▶ TASK INPUTS:
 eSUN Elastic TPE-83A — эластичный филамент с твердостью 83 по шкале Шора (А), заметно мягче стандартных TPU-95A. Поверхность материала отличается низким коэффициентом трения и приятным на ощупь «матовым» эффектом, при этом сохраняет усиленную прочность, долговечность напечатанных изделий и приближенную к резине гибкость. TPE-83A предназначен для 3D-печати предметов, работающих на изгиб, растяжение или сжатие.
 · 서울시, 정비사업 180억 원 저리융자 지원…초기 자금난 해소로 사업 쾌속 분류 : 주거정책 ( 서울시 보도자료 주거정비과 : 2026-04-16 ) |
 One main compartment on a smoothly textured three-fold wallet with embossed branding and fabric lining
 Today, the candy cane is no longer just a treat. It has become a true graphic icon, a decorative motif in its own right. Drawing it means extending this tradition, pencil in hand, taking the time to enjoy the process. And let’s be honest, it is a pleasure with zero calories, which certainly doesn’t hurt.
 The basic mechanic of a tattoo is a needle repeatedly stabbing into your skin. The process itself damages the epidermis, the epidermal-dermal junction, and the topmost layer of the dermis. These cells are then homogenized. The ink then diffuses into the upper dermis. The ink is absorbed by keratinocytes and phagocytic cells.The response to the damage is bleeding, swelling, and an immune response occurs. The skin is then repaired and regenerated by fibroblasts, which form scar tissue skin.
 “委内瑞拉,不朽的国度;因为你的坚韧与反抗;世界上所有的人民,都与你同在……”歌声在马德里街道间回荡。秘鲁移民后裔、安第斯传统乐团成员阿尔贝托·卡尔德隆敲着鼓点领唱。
* * *
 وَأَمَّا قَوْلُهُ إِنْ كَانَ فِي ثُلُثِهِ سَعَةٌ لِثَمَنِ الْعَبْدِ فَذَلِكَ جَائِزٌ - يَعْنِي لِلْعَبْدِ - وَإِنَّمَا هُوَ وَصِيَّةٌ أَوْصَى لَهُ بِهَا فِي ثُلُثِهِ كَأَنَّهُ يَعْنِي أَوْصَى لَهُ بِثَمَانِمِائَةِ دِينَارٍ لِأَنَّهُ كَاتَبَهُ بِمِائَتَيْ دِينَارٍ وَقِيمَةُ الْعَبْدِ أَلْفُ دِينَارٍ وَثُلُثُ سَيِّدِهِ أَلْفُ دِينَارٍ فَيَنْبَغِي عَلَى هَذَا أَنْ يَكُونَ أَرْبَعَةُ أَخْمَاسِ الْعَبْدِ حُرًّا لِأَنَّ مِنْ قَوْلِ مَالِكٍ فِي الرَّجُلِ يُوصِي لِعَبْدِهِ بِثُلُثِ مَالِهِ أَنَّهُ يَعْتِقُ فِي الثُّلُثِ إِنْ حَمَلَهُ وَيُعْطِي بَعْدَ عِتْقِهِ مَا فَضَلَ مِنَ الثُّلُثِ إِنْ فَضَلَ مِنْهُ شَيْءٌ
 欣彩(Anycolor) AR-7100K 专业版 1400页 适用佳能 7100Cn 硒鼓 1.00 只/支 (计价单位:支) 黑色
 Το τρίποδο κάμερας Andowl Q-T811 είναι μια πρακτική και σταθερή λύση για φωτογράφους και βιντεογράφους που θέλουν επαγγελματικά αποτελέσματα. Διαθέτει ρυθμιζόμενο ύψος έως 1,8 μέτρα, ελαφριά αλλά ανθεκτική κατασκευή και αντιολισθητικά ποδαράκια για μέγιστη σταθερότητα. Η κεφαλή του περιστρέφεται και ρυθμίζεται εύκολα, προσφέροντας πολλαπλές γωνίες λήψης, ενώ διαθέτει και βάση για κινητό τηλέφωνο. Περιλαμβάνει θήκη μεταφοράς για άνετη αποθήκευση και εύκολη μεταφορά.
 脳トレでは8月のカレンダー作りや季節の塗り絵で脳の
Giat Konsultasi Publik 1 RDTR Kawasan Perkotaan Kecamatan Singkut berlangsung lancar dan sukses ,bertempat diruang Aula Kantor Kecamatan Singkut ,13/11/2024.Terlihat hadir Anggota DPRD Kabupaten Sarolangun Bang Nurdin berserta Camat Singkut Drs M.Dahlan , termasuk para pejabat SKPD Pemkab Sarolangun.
==
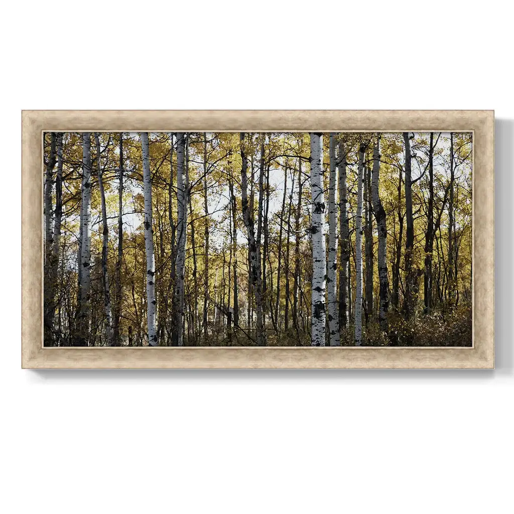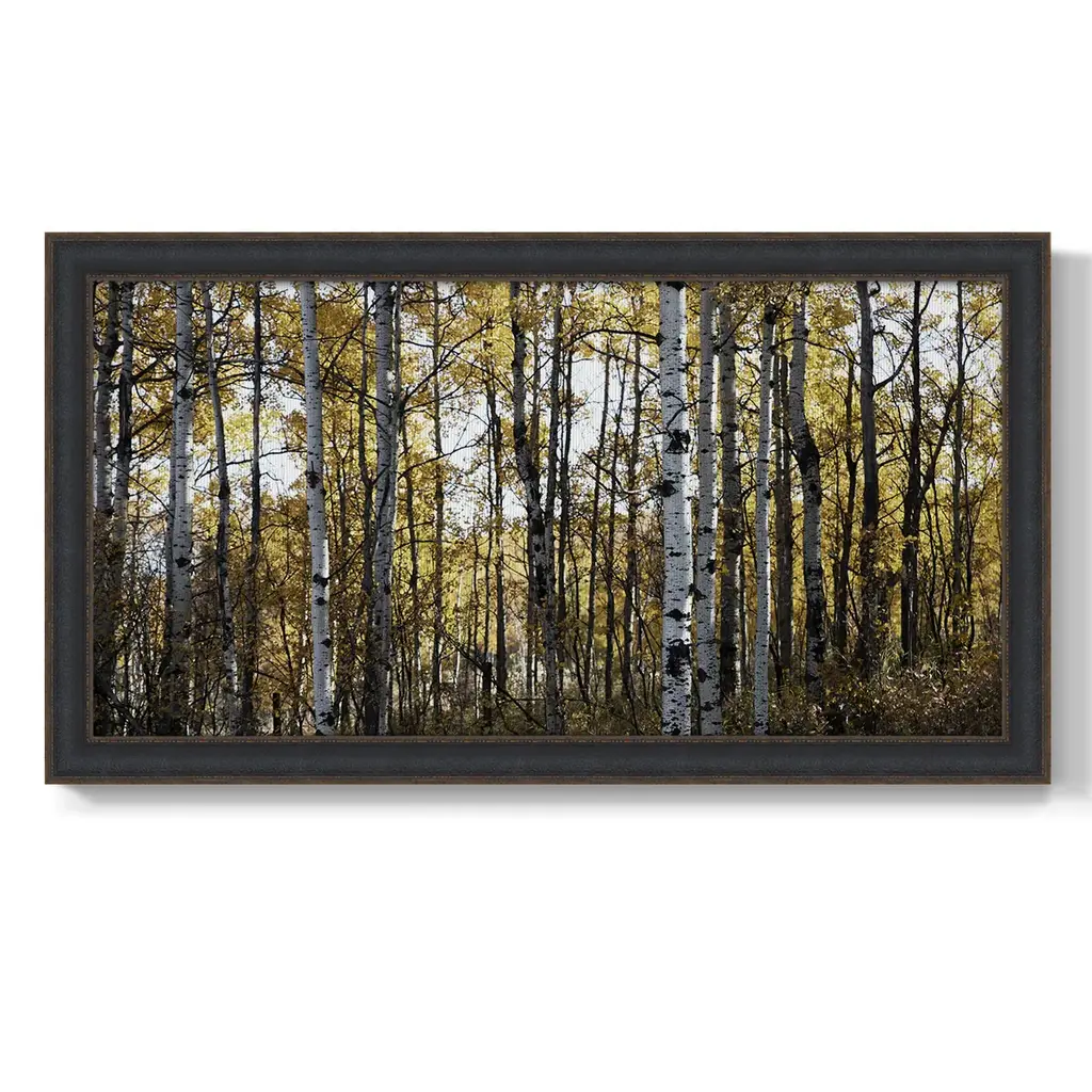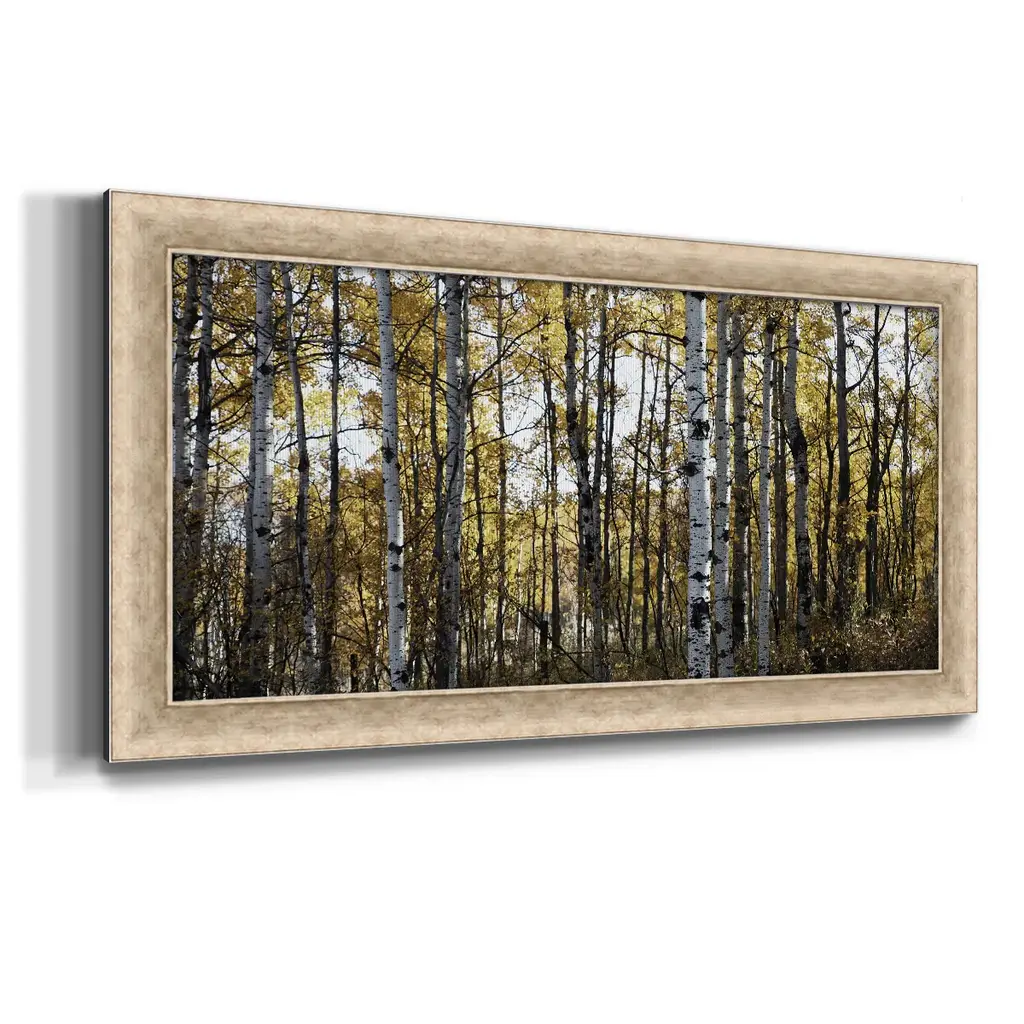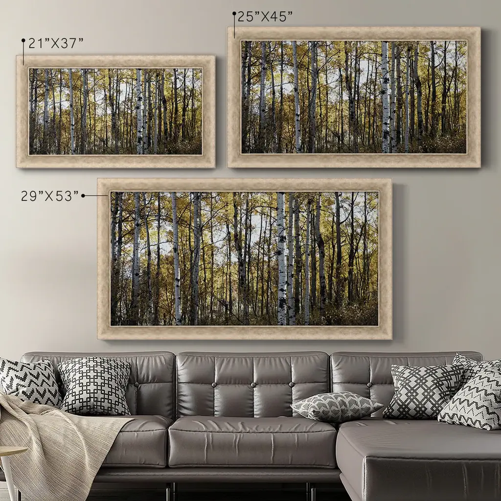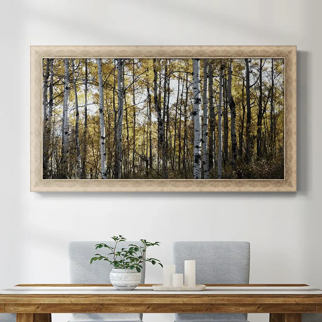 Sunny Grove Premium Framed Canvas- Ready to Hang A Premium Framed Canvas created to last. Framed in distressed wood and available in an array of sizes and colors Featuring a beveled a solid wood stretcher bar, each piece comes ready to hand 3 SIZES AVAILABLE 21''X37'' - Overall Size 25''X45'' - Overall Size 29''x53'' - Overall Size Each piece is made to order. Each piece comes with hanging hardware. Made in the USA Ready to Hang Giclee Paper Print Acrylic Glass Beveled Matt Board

▶ ACTION ITEM: If a line in the material above contains the word "process", copy it.

▶ ANSWER BOX:
 Today, the candy cane is no longer just a treat. It has become a true graphic icon, a decorative motif in its own right. Drawing it means extending this tradition, pencil in hand, taking the time to enjoy the process. And let’s be honest, it is a pleasure with zero calories, which certainly doesn’t hurt.
 The basic mechanic of a tattoo is a needle repeatedly stabbing into your skin. The process itself damages the epidermis, the epidermal-dermal junction, and the topmost layer of the dermis. These cells are then homogenized. The ink then diffuses into the upper dermis. The ink is absorbed by keratinocytes and phagocytic cells.The response to the damage is bleeding, swelling, and an immune response occurs. The skin is then repaired and regenerated by fibroblasts, which form scar tissue skin.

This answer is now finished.